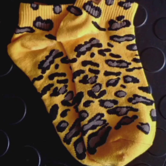 Add a wild twist to your step with these fierce low ankle socks! Bursting in bright banana yellow and splashed with bold leopard spots, Spotted Banana brings cheeky energy and fearless flair to your feet.
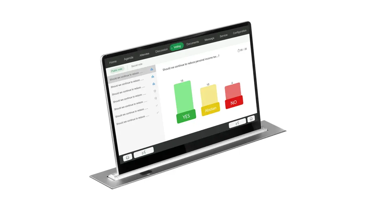 Vissonic VIS-15LSSC — это ультратонкий моторизированный lift-дисплей с диагональю 15,6", разработанный специально для современных multi-purpose и paperless конференц-залов. Экран аккуратно выдвигается из поверхности стола и автоматически поворачивается под оптимальным углом наклона. После завершения использования он тихо опускается и закрывает декоративную крышку, активируя функцию защиты от защемления. Устройство поддерживает управление кнопками на панели, дистанционно и через центральный контроллер по протоколам RS-232 и RS-485, обеспечивая гибкость управления. Устройство может быть управляемо индивидуально или группой посредством централизованного и синхронного управления. Поддерживается разрешение до Full HD (1920×1080), возможна версия с 4K дисплеем. Основные характеристики
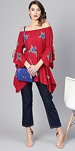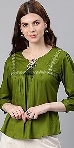 Yash Gallery Women's Regular Solid Embroidered Straight Regular Fit Tops
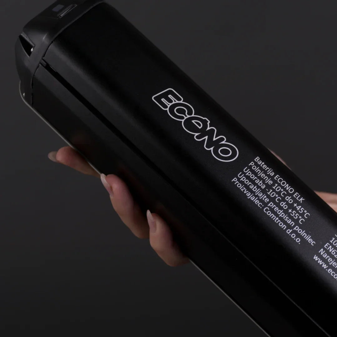 Napajanje osigurava pouzdana ECONO baterija, koju razvijamo i sastavljamo u Sloveniji. Dostupna je u tri različita kapaciteta, tako da možete odabrati domet koji najbolje odgovara vašim potrebama: 520 Wh, 700 Wh ili 800 Wh. Sve baterije se lako uklanjaju i međusobno su zamjenjive između naših modela za 2025. godinu, što vam pruža maksimalnu fleksibilnost.
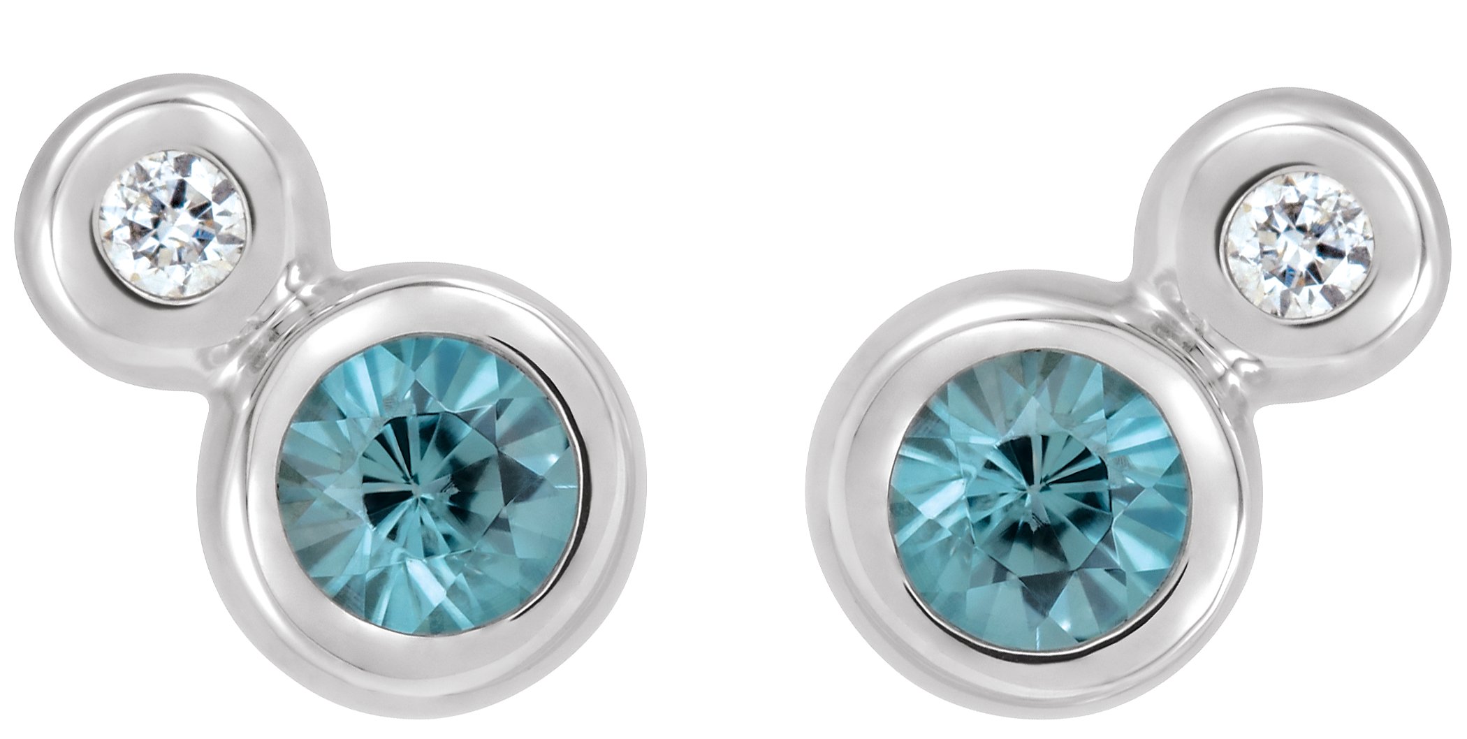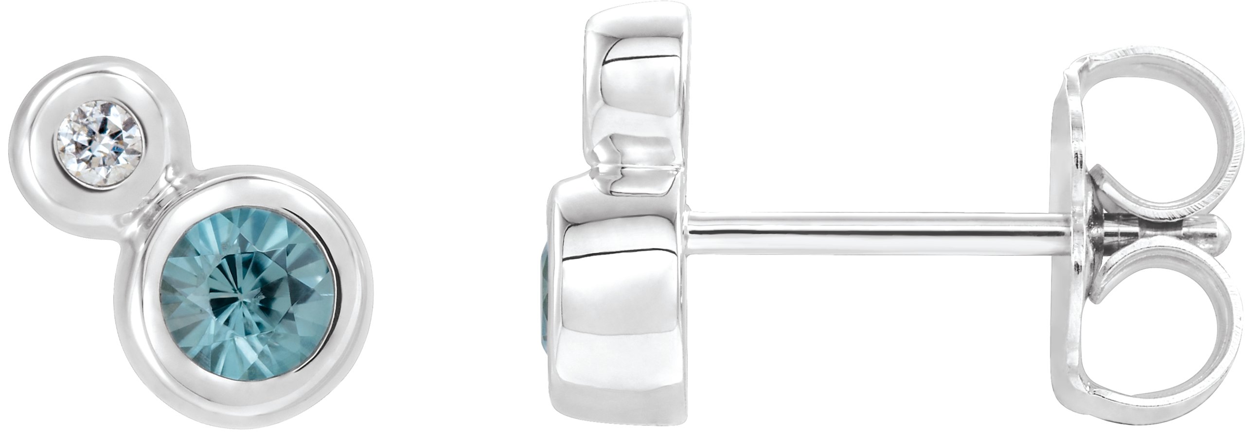 Platinum Blue Zircon & 1/8 CTW Diamond Earrings

### What is expected:
An exact reprint of every record is required, with the pictures omitted.

### Solution to this exercise:
 Add a wild twist to your step with these fierce low ankle socks! Bursting in bright banana yellow and splashed with bold leopard spots, Spotted Banana brings cheeky energy and fearless flair to your feet.
 Vissonic VIS-15LSSC — это ультратонкий моторизированный lift-дисплей с диагональю 15,6", разработанный специально для современных multi-purpose и paperless конференц-залов. Экран аккуратно выдвигается из поверхности стола и автоматически поворачивается под оптимальным углом наклона. После завершения использования он тихо опускается и закрывает декоративную крышку, активируя функцию защиты от защемления. Устройство поддерживает управление кнопками на панели, дистанционно и через центральный контроллер по протоколам RS-232 и RS-485, обеспечивая гибкость управления. Устройство может быть управляемо индивидуально или группой посредством централизованного и синхронного управления. Поддерживается разрешение до Full HD (1920×1080), возможна версия с 4K дисплеем. Основные характеристики
 Yash Gallery Women's Regular Solid Embroidered Straight Regular Fit Tops
 Napajanje osigurava pouzdana ECONO baterija, koju razvijamo i sastavljamo u Sloveniji. Dostupna je u tri različita kapaciteta, tako da možete odabrati domet koji najbolje odgovara vašim potrebama: 520 Wh, 700 Wh ili 800 Wh. Sve baterije se lako uklanjaju i međusobno su zamjenjive između naših modela za 2025. godinu, što vam pruža maksimalnu fleksibilnost.
 Platinum Blue Zircon & 1/8 CTW Diamond Earrings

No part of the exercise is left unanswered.